And yet … the way he looked at her now suggested something entirely different. She drew a steadying breath and looked away before the feeling could completely overtake her.

“I’m feeling wonderfully drowsy,” she said, needing to break the moment. “I should return to my chambers before I accidentally fall asleep beneath the stars.”

“Rest easy,” he said, that teasing tone creeping back into his voice again. “I would carry you back to your bed, should that occur.”

She shook her head, though she found she was not nearly as scandalized as she ought to be. “If your aim is to shock me with impropriety, I’ll have you know I’m developing quite an immunity to your scandalous suggestions.”

“Then I shall simply have to become increasingly creative in my impropriety.”

She laughed at that. “You are incorrigible.”

“I do try to be consistent in my character.” A faint smile tugged at his mouth before he tilted his head, a touch of hesitation softening the easy charm in his manner. “May I ask one more thing before I escort you back?”

“That depends entirely upon what you’re asking.”

“Would you …” He drew a careful breath. “Would you play for me? Not the pianoforte—though I count myself fortunate for every time you’ve permitted me to remain in the music room with you and listen. What I mean is … your own music.”

The request was so unexpected, so earnest, that she could only stare at him. He’d heard her music before, of course—it had escaped often in his presence, and he’d been present at the musicale early on in her stay at Solstice Hall, when all the Crown Court ladies had been expected to perform. But this was different.
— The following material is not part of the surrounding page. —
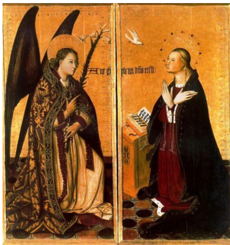
Fig. 7. Jaume Jacomart (or Lluís Dalmau), The Annunciation , c. 1411-61. Fine Arts Museum, Valencia.

It is interesting the fact that in this painting the artist, besides removing the divine ray and the presence of God the Father, introduces into the architectural scenography, with aberrant perspective, a varied set of details of everyday life: such are the instruments of writing and reading in the desktop, the household chattels on the shelf, or the curtains which ensure the privacy of the bed, as well as a series of anecdotal postures, as the cat chasing a mouse in the outer space or the bird drinking in a basin. In any case, the artist also places here in a central place in the foreground a leafy bouquet of lilies, which arise from the narrow bottleneck of a precious jug.

He was asking her to deliberately share this part of herself that she treasured most deeply with him and only him.

“Please?” His eyes captured hers, the blue of them seeming darker, depthless. And it was surely only the haze of the driftshade, the enchantment of the night, but she felt herself sinking, helplessly, into their depths.

“Very well,” she whispered, though she couldn’t seem to look away, nor remember how to move her hands.

He reached for her then, his touch slow, deliberate. His gaze never wavered from hers as his fingers found her wrist. “You removed your gloves at the Opening Ball,” he murmured, hisvoice low, the words curling through the night like a secret. “And again at the musicale. Do you always do that?”

But he was already easing at the tiny buttons along her wrist, one after another, his movements unhurried, almost reverent.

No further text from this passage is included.